» Available data:
#####
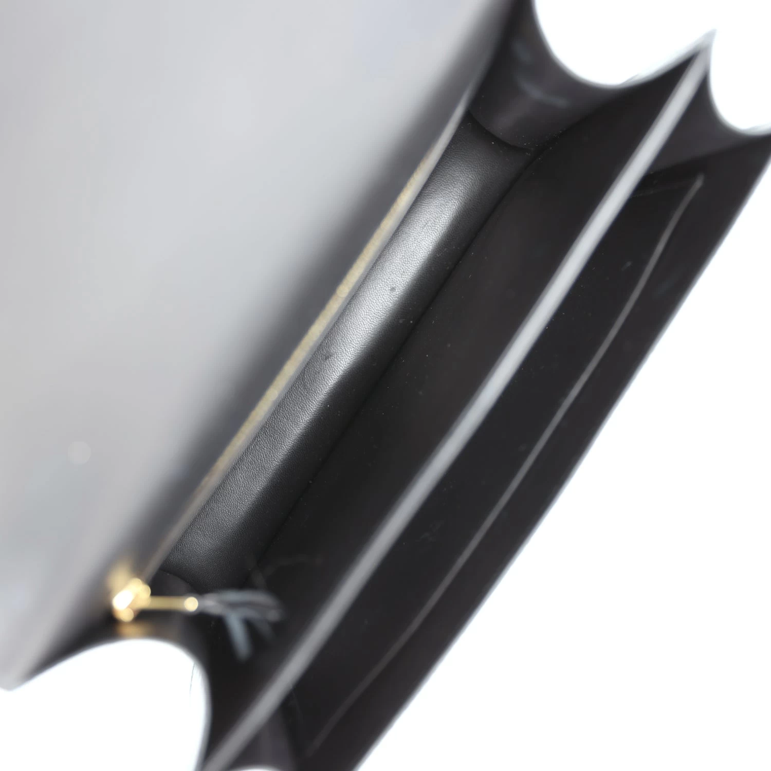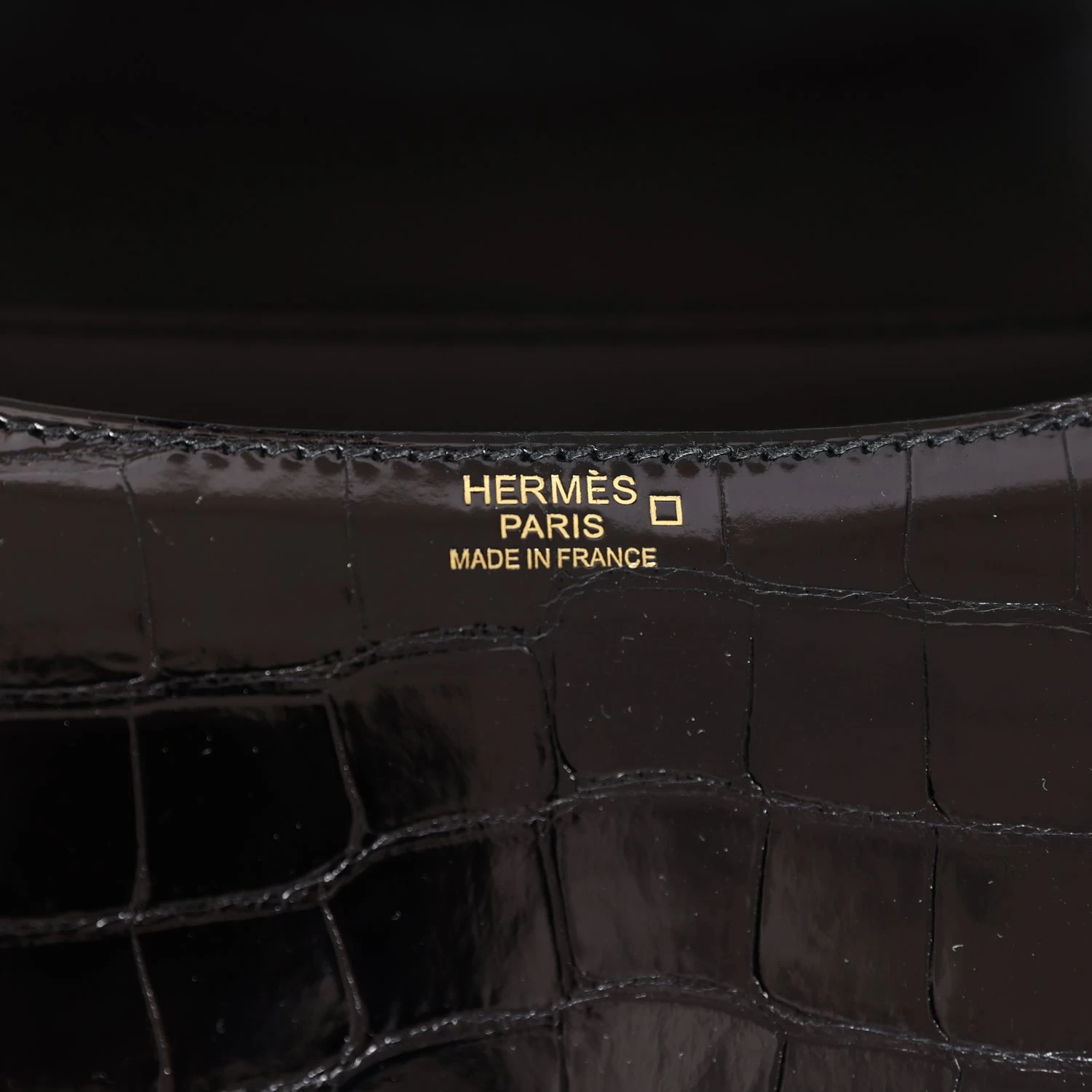 This Constance is of Black shiny alligator with rose gold hardware and features tonal stitching, a “H” snap lock closure, and an adjustable shoulder strap.
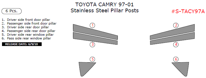 We offer a wide variety of colors and materials of Toyota Camry 1997, 1998, 1999, 2000, 2001, Stainless Steel Pillar Posts, 6 Pcs. Choose your favourite option and place an order.
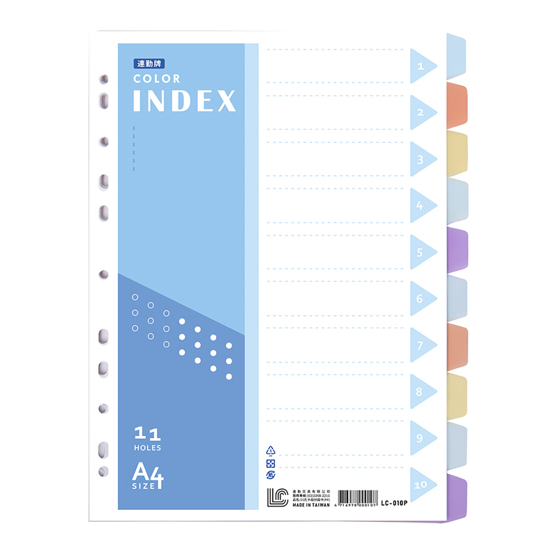 商品說明 ★編號:LC-010P ★規格:長297×寬226mm ★材質:聚丙烯(PP)、紙 • 適用於分隔十段式不同資料總類,顏色鮮明好辨識,可套用於多種孔夾內使用。 廠商代號:XF 責任代碼:5UX
#####
» What you need to do:
Repeat the listing above in full, exactly, and omit its pictures.

» Your response:
 This Constance is of Black shiny alligator with rose gold hardware and features tonal stitching, a “H” snap lock closure, and an adjustable shoulder strap.
 We offer a wide variety of colors and materials of Toyota Camry 1997, 1998, 1999, 2000, 2001, Stainless Steel Pillar Posts, 6 Pcs. Choose your favourite option and place an order.
 商品說明 ★編號:LC-010P ★規格:長297×寬226mm ★材質:聚丙烯(PP)、紙 • 適用於分隔十段式不同資料總類,顏色鮮明好辨識,可套用於多種孔夾內使用。 廠商代號:XF 責任代碼:5UX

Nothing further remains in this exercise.